Statistical model
We assume there are K known distinct cell populations among the M cell samples, where cell j has Nj observed transcripts. We denote native expression distribution for cell population k as a G-length vector ϕk. For the notational convenience, we will use ϕ−k={ϕk′:k′≠k,k′∈{1,2,...,K}} to represent gene expressions from all other cell populations other than k.

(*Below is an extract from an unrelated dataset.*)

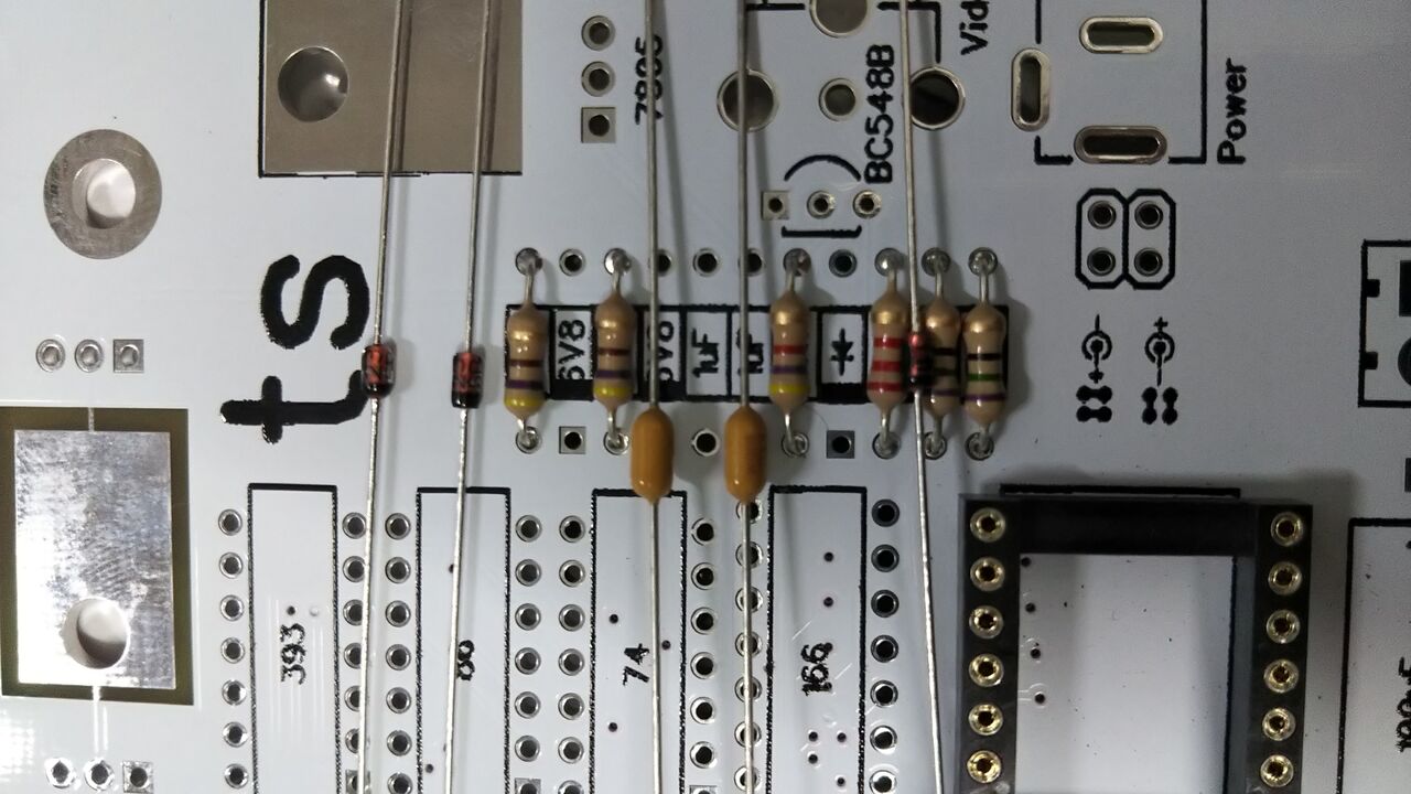 以下の左上の抵抗は1Kのシルクが塗りつぶされている。実際は470Ω。

Each cell j has a parameter θj to represent the proportion of transcript counts that are derived from native expression distribution. θj is assumed to come from a global beta distribution which leverages the variation of contamination level across all the cells in the dataset, with hyperparameters a1 and a2 a priori. The tth transcript xjt in cell j has a hidden state, yjt, which follows a Bernoulli distribution parameterized by θj and denotes the transcript’s membership to native expression distribution (yjt=1) or contamination distribution (yjt=0). Assuming that transcripts are conditionally independent given hidden state yjt and cell’s population zj,xjt follows a multinomial distribution either parameterized by \(\phi _{z_{j} }\) denoting native expression or \(\boldsymbol {\phi }_{-z_{j}}\) denoting contamination. The joint posterior distribution can be expressed as:
$$\begin{array}{@{}rcl@{}} {\begin{aligned} P(\boldsymbol{X}, \boldsymbol{Z}, \boldsymbol{Y}, \boldsymbol{\theta} | \boldsymbol{\phi}, a_{1},a_{2}) &= \prod_{j=1}^{M} p(\theta_{j} | a_{1}, a_{2}) \prod_{t=1}^{N_{j}}\\& \left(\left[ p(y_{jt}=1|\theta_{j}) \cdot p(x_{jt}=g|\phi_{z_{j} }) \right]^{I(y_{jt}=1)}\right.\\ & \left.\left[ p(y_{jt}=0|\theta_{j}) \cdot p(x_{jt}=g|\boldsymbol{\phi}_{-z_{j}}) \right]^{I (y_{jt}=0)} \right). \end{aligned}} \end{array} $$
(1)
To simplify computation work and notation, we assume the contamination distribution ηk is a simple linear combination of ϕ−k, such that:
$$\begin{array}{@{}rcl@{}} \eta_{k} &=& \sum_{k': k' \neq k} w_{k'} \phi_{k'}, \end{array} $$
(2)
where the weight \(\phantom {\dot {i}\!}w_{k^{\prime }}\) is the proportion of native transcripts from cluster k′ and is calculated using expected values, of which the full definition is given later in inference. DecontX model construction is shown in the plate diagram:
Variational inference
We use variational inference [21] to approximate the posterior probability of our model.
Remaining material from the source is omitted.